Sergei Prokofiev wrote the symphonic suite The Year 1941 (Op. 90) in 1941. Prokofiev, along with other composers, was evacuated to the Caucasus when Germany started attacking the Soviet Union in 1941. It was under such circumstances that Prokofiev began work on this symphonic suite. He was working on his epic opera War and Peace and the String Quartet No. 2 at the same time.

==Music==
The suite is scored for 2 flutes, piccolo, 2 oboes, cor anglais, 2 clarinets, bass clarinet, 2 bassoons, contrabassoon, 4 horns, 2 trumpets, 2 trombones, tuba, percussion (timpani, bass drum, triangle, wood block, side drum, tambourine, and cymbals), harp, and strings.

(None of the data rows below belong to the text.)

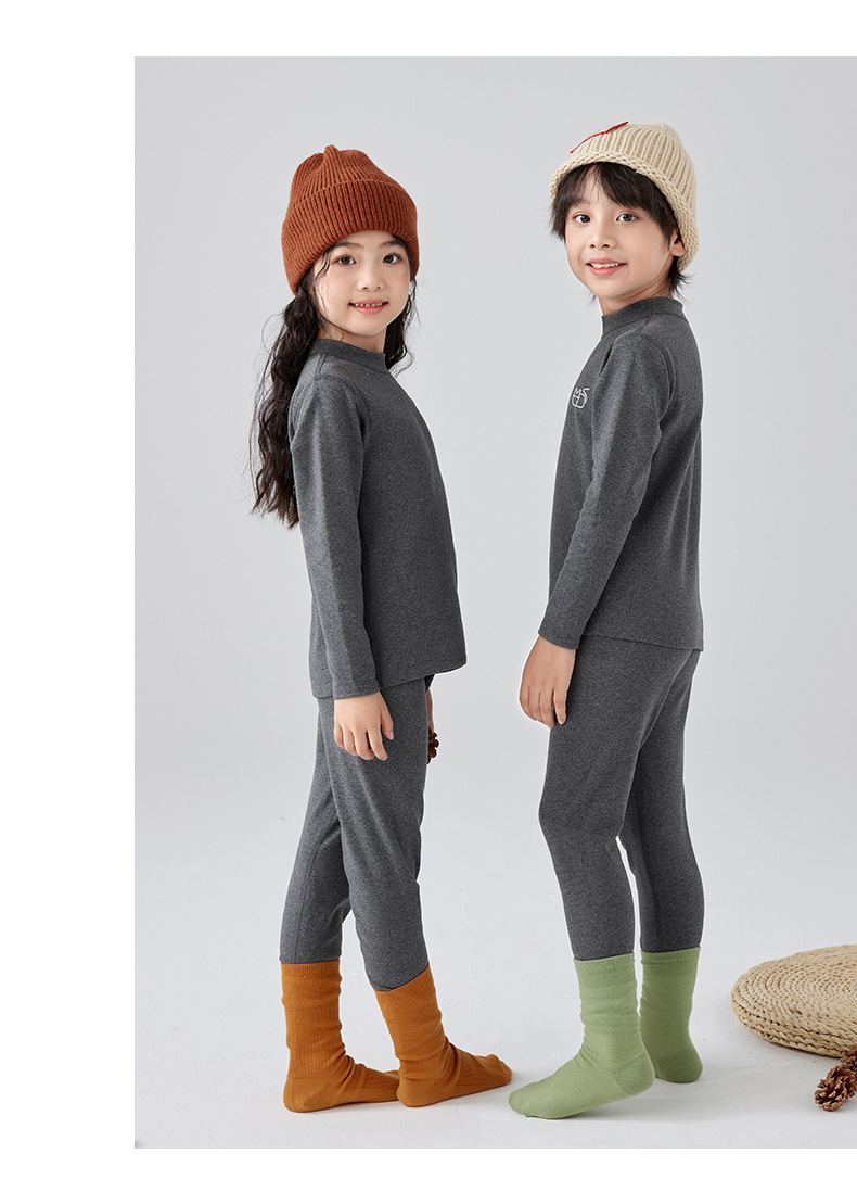 2024 양모 면 두꺼운 열 속옷 세트 중 큰 어린이 가정 옷 높은 탄성 뼈없는 기본 어린이 잠옷스토어 가기
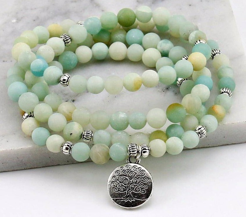L’Amazonite éveille la joie de vivre ! C’est une pierre qui favorise également la communication et le contact avec autrui. Ce Bracelet Arbre de Vie peut vous aider à travailler sur le chakra de la gorge !
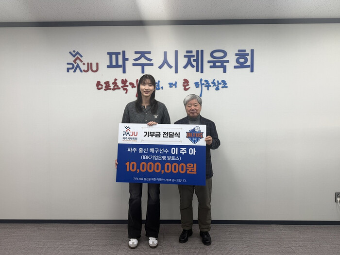 이주아 선수는 “고향 파주에서 많은 응원과 도움을 받으며 운동을 시작했고, 덕분에 지금의 자리까지 올 수 있었다”라며 “지역 체육 발전과 후배 선수들에게 작게나마 힘이 되고자 기부를 결심하게 됐다”라고 소감을 밝혔다.
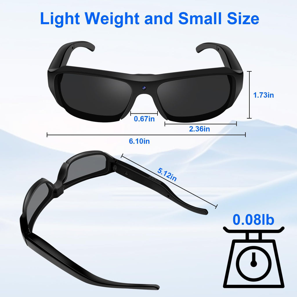 • GAFAS DE SOL CON CÁMARA 2 EN 1: Con dos funciones: gafas de sol y cámara, parecen gafas de sol comunes, ideales para ciclismo, escalada, esquí, senderismo, viajes, conducción, pesca, camping, etc. Libera tus manos y graba cada momento de tu vida o aventura con esta cámara de acción.
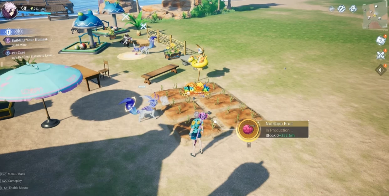 Что касается геймплея на этом острове, то он сильно напоминает Palworld. Так, помимо красивых зданий и скамеек вы будете строить промышленные аппараты: например, станок для нарезки древесины. Работать на них нужно не вручную, а используя фэнтези-существ. Они могут добывать древесину, руду, камни и еду. Всё это нужно для фарма ресурсов для новых построек.
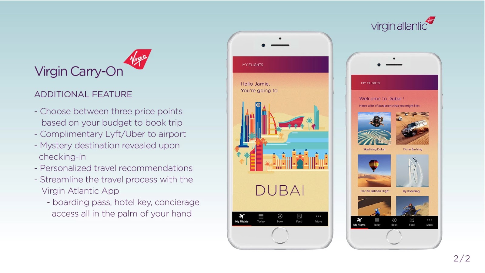 Virgin Atlantic airlines is looking to inspire people to be more spontaneous by creating a new sub-brand that adds both flight and hotel booking with the touch of a button. Introducing, Virgin Carry-On, a unique flight and hotel booking experience where your final destination is a surprise.
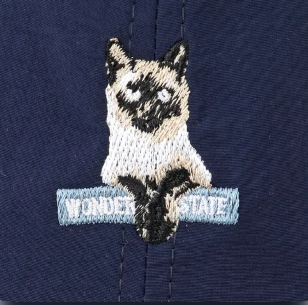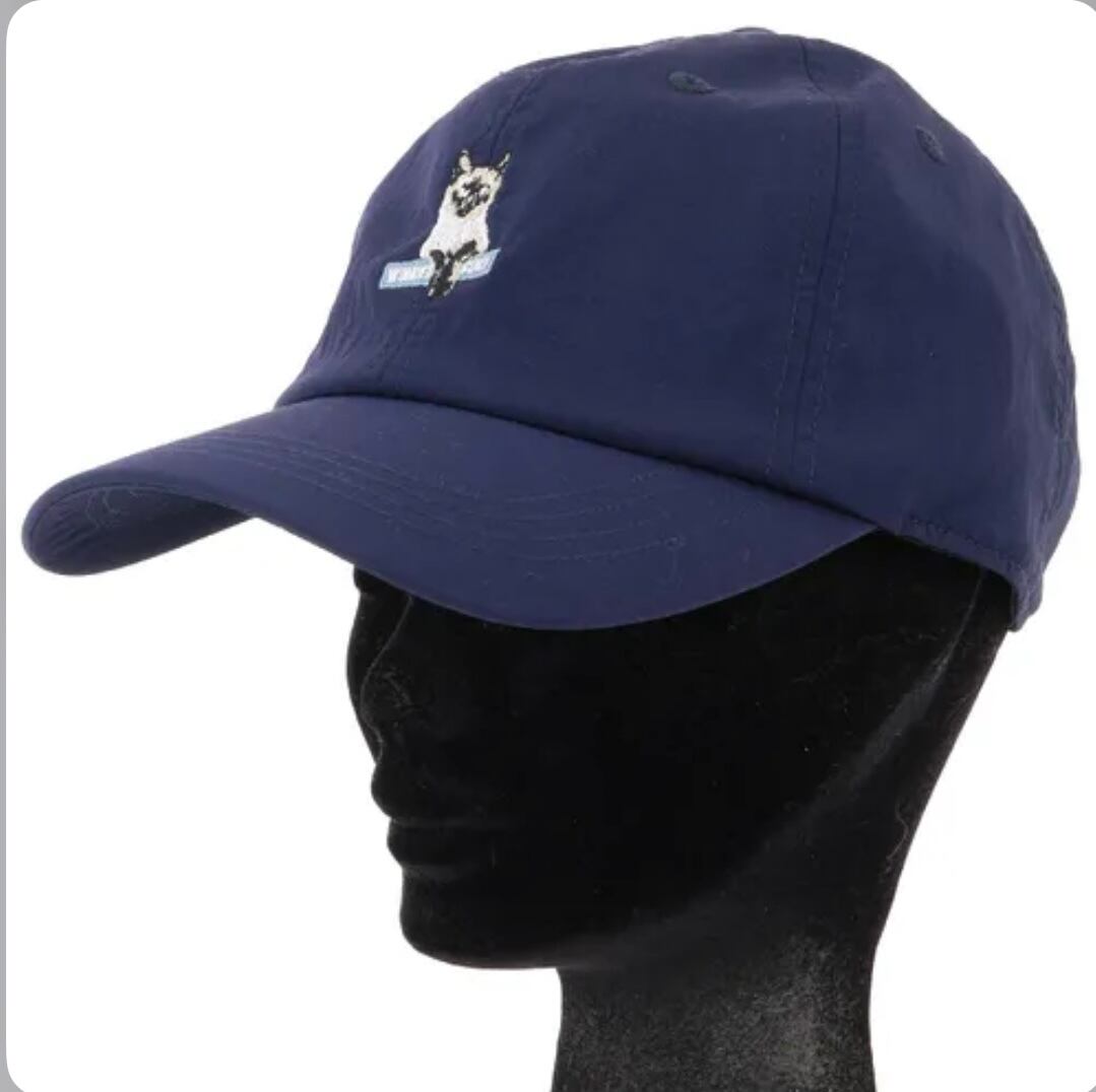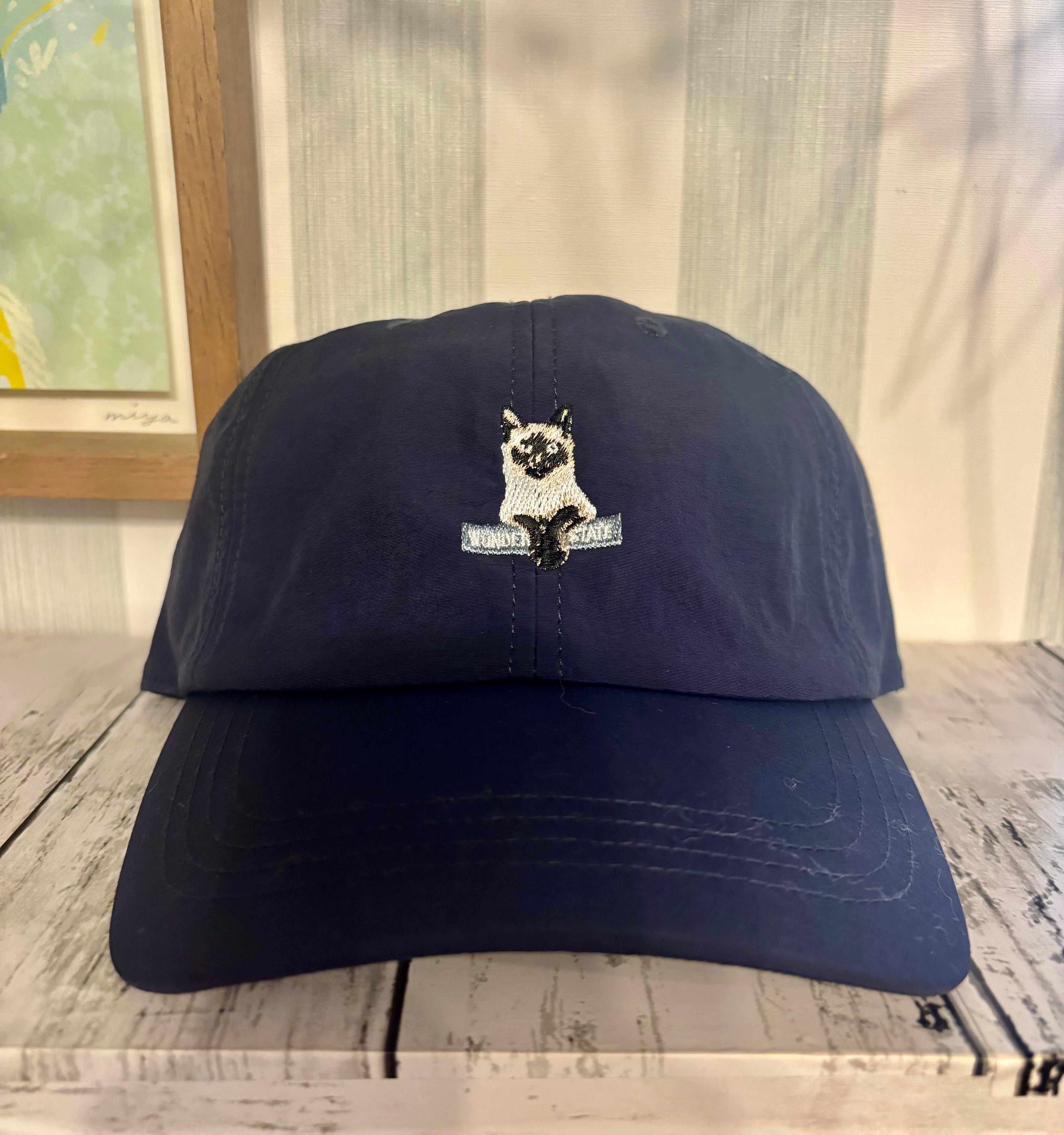 ねこ刺繍シワ加工キャップ ネイビー

The whole suite lasts for around 15 minutes.

==Criticism==
Dmitri Shostakovich criticized the work's weak movements, lack of development and thought that the materials were under-developed and not thought through. Even Nikolai Myaskovsky, Prokofiev's closest friend, did not like the work. The suite has been described as evoking cold, abstract and inexpressive images in an attempt to oversimplify for greater clarity and comprehensibility. However, the work does contain a wealth of melodic material and Prokofiev later used some of the ideas and motives for the film score to Igor Savchenko’s depiction of the events of the Great Patriotic War, Partisans in the Ukrainian Steppes (1942, film released 1943).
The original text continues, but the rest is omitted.